• **Provided records**
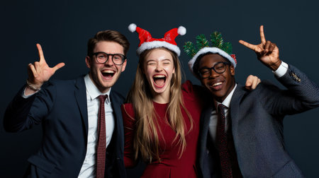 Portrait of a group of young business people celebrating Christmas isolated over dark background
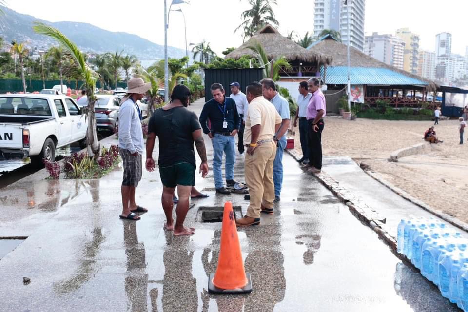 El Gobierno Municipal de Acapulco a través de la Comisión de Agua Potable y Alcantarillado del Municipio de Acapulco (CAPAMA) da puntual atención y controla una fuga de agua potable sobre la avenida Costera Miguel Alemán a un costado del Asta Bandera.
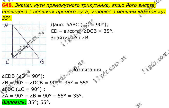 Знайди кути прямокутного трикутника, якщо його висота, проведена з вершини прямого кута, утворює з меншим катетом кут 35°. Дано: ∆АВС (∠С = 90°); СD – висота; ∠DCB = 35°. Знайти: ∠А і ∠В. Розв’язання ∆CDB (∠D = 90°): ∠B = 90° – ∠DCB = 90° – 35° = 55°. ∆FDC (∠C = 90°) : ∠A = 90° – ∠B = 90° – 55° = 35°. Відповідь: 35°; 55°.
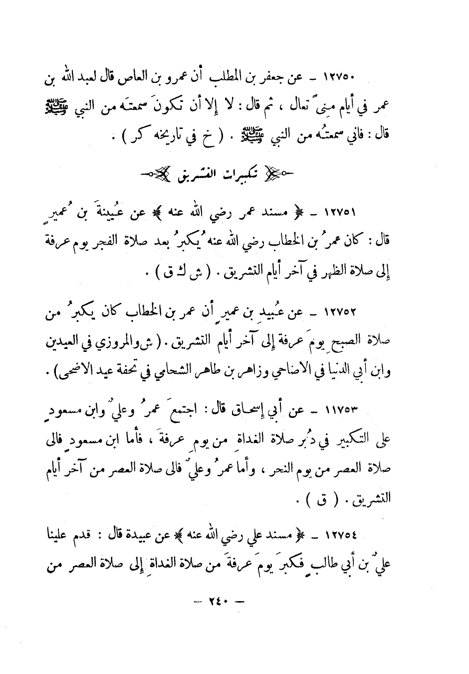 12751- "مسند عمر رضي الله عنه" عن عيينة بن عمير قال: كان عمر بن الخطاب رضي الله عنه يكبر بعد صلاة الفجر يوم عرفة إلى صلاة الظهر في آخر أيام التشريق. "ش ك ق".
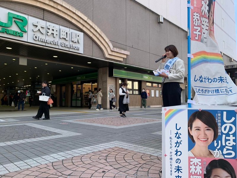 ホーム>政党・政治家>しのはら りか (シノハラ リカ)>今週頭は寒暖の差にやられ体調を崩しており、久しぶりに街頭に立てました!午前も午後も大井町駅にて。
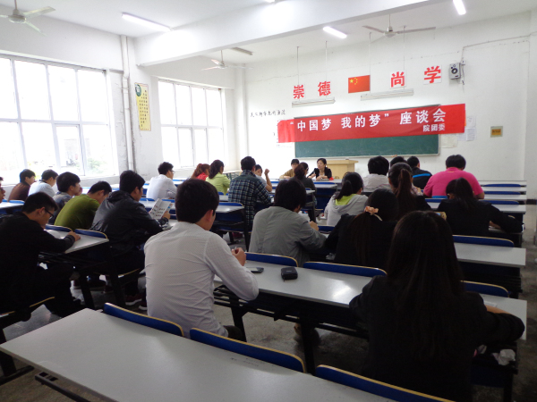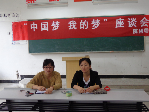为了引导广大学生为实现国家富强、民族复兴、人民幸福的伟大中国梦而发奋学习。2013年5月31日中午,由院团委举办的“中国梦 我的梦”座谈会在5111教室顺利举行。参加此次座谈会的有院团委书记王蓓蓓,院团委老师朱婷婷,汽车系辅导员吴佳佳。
...
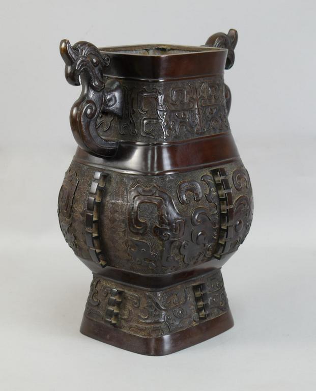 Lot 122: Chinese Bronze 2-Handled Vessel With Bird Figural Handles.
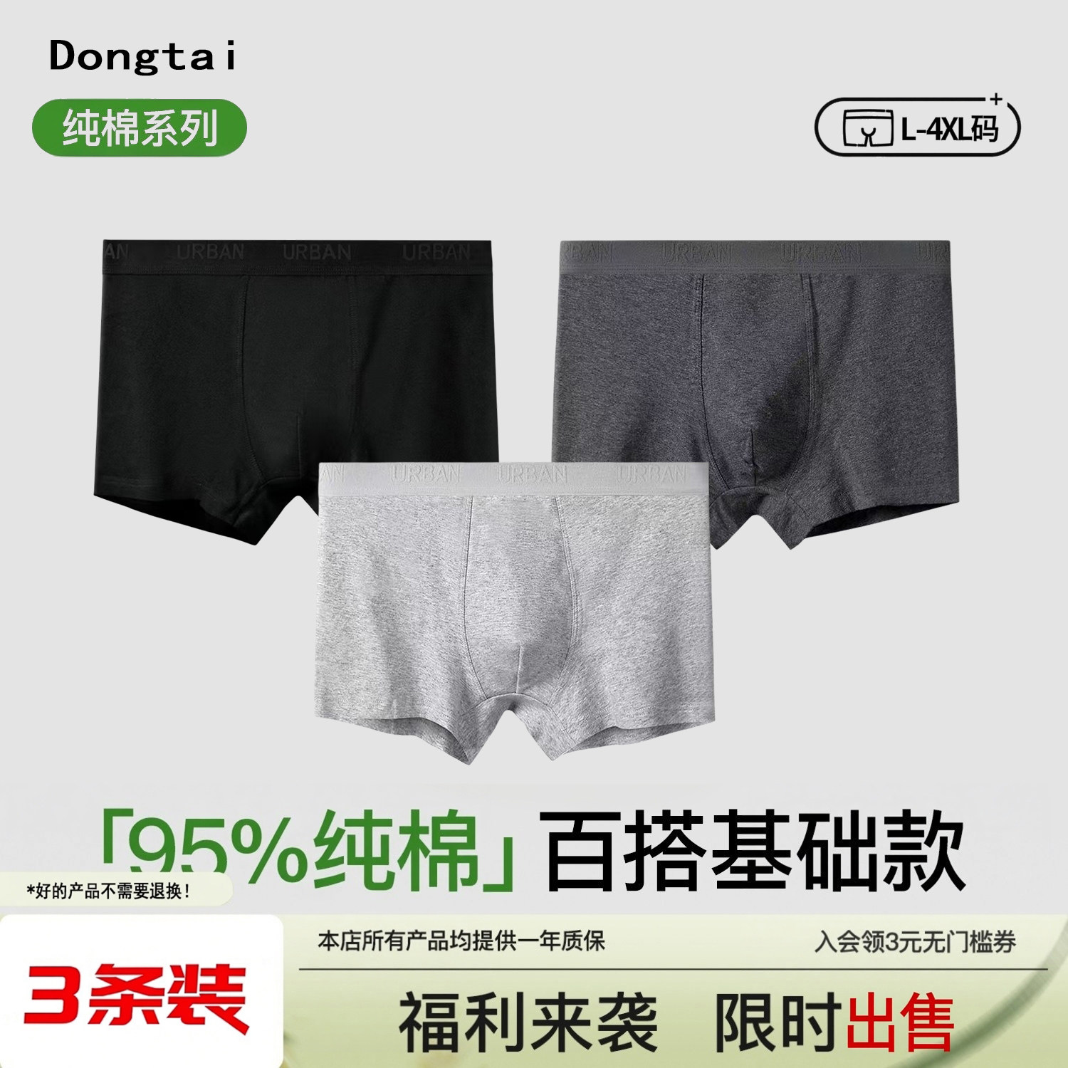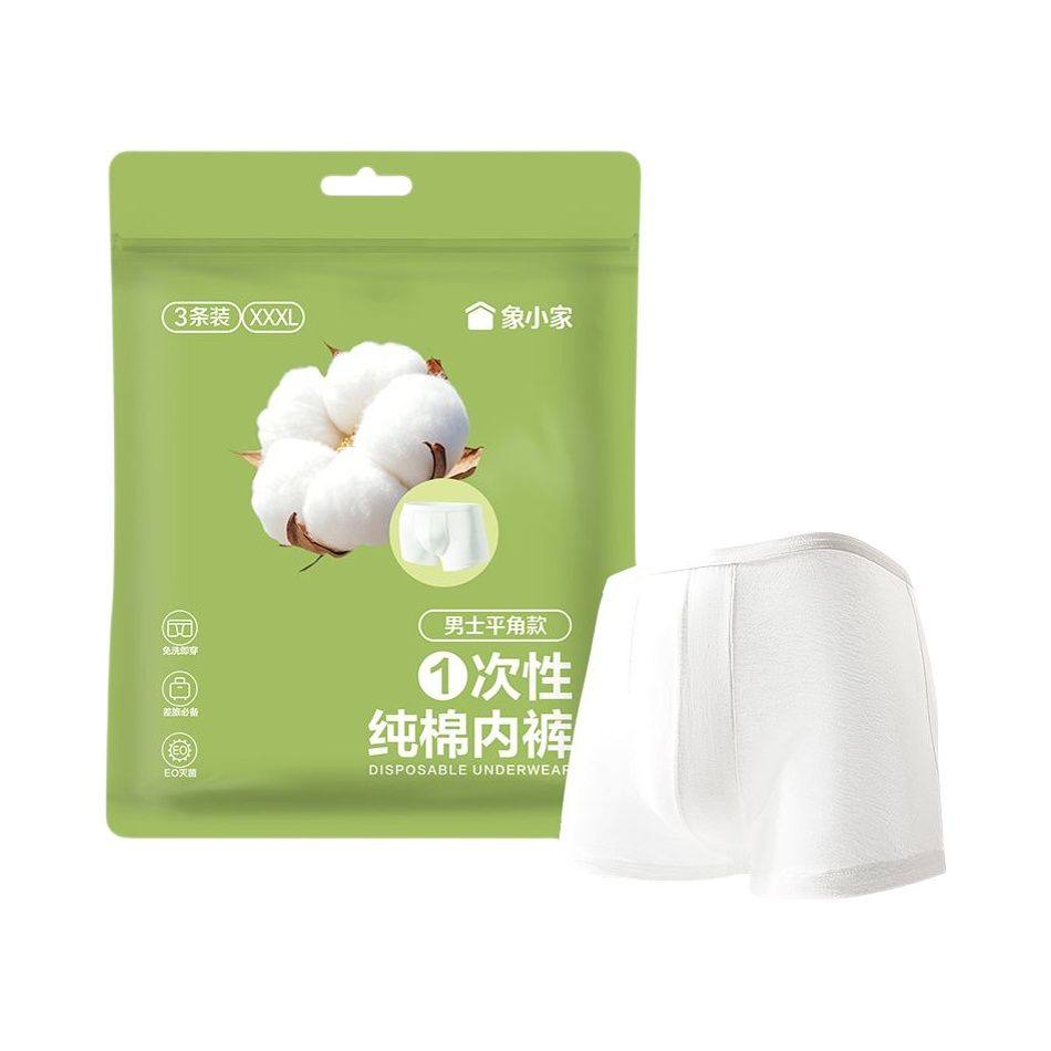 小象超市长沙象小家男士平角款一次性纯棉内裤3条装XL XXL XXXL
---
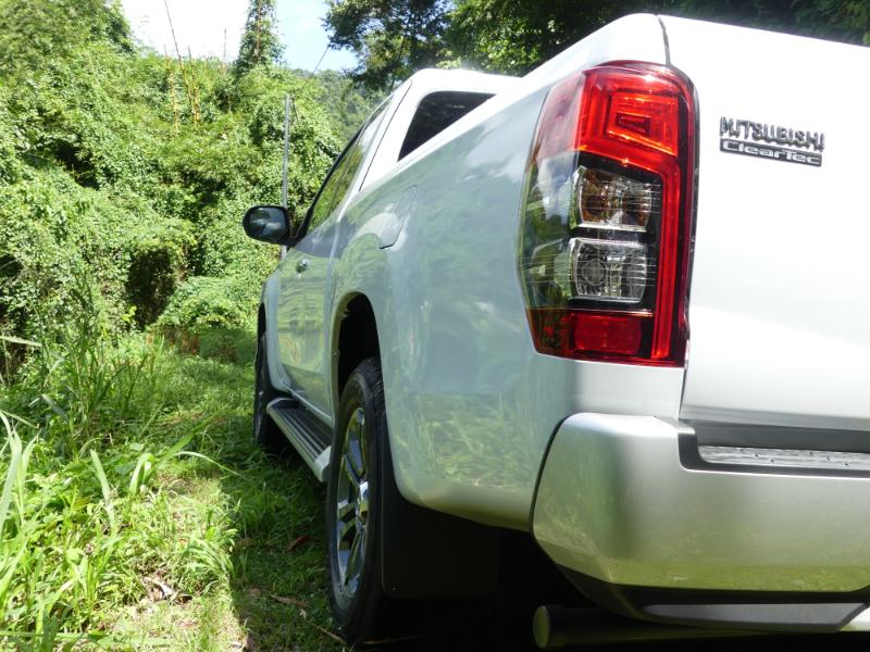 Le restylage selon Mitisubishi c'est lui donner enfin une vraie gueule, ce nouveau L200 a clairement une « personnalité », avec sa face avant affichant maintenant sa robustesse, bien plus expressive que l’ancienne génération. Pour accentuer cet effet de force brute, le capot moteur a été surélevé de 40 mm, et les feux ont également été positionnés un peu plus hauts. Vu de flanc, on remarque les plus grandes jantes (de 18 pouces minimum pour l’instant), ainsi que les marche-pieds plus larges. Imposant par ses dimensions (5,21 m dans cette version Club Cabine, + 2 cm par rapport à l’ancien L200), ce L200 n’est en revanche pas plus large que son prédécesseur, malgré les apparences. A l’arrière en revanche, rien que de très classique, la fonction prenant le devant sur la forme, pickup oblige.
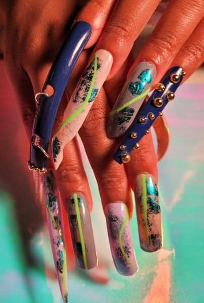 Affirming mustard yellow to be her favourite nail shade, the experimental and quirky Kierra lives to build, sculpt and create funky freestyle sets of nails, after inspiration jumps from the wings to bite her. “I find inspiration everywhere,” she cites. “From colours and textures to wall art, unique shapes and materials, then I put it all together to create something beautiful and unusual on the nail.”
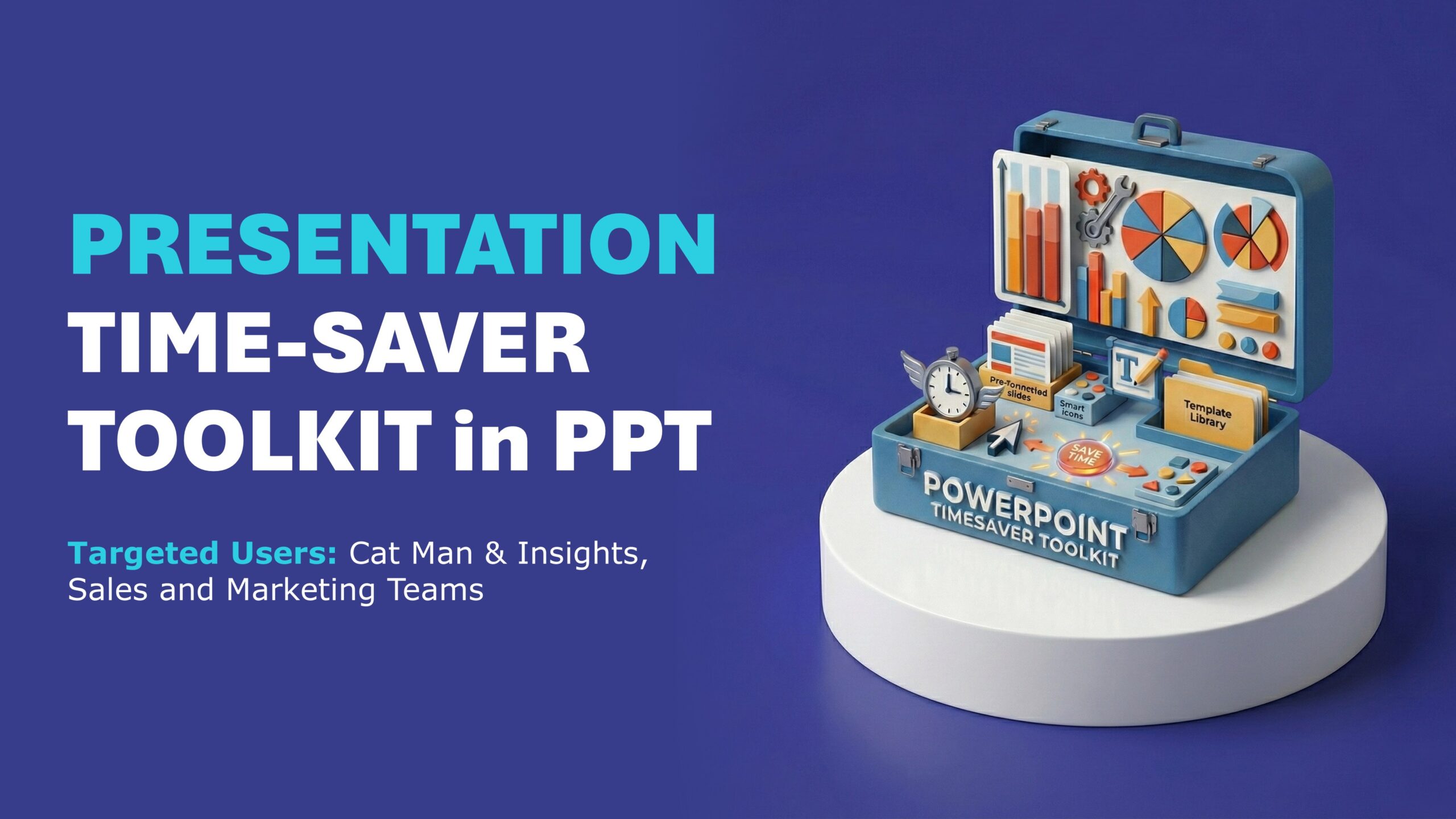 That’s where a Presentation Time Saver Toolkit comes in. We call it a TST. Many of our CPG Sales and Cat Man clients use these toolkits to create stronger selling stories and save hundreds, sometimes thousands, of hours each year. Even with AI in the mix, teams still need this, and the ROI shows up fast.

• **Problem requirements**
Output should consist of the lines above from the one with "El Gobierno Municipal" down to the one with "ホーム>政党・政治家>しのはら りか (シノハラ", exact and without pictures.

• **Result**
 El Gobierno Municipal de Acapulco a través de la Comisión de Agua Potable y Alcantarillado del Municipio de Acapulco (CAPAMA) da puntual atención y controla una fuga de agua potable sobre la avenida Costera Miguel Alemán a un costado del Asta Bandera.
 Знайди кути прямокутного трикутника, якщо його висота, проведена з вершини прямого кута, утворює з меншим катетом кут 35°. Дано: ∆АВС (∠С = 90°); СD – висота; ∠DCB = 35°. Знайти: ∠А і ∠В. Розв’язання ∆CDB (∠D = 90°): ∠B = 90° – ∠DCB = 90° – 35° = 55°. ∆FDC (∠C = 90°) : ∠A = 90° – ∠B = 90° – 55° = 35°. Відповідь: 35°; 55°.
 12751- "مسند عمر رضي الله عنه" عن عيينة بن عمير قال: كان عمر بن الخطاب رضي الله عنه يكبر بعد صلاة الفجر يوم عرفة إلى صلاة الظهر في آخر أيام التشريق. "ش ك ق".
 ホーム>政党・政治家>しのはら りか (シノハラ リカ)>今週頭は寒暖の差にやられ体調を崩しており、久しぶりに街頭に立てました!午前も午後も大井町駅にて。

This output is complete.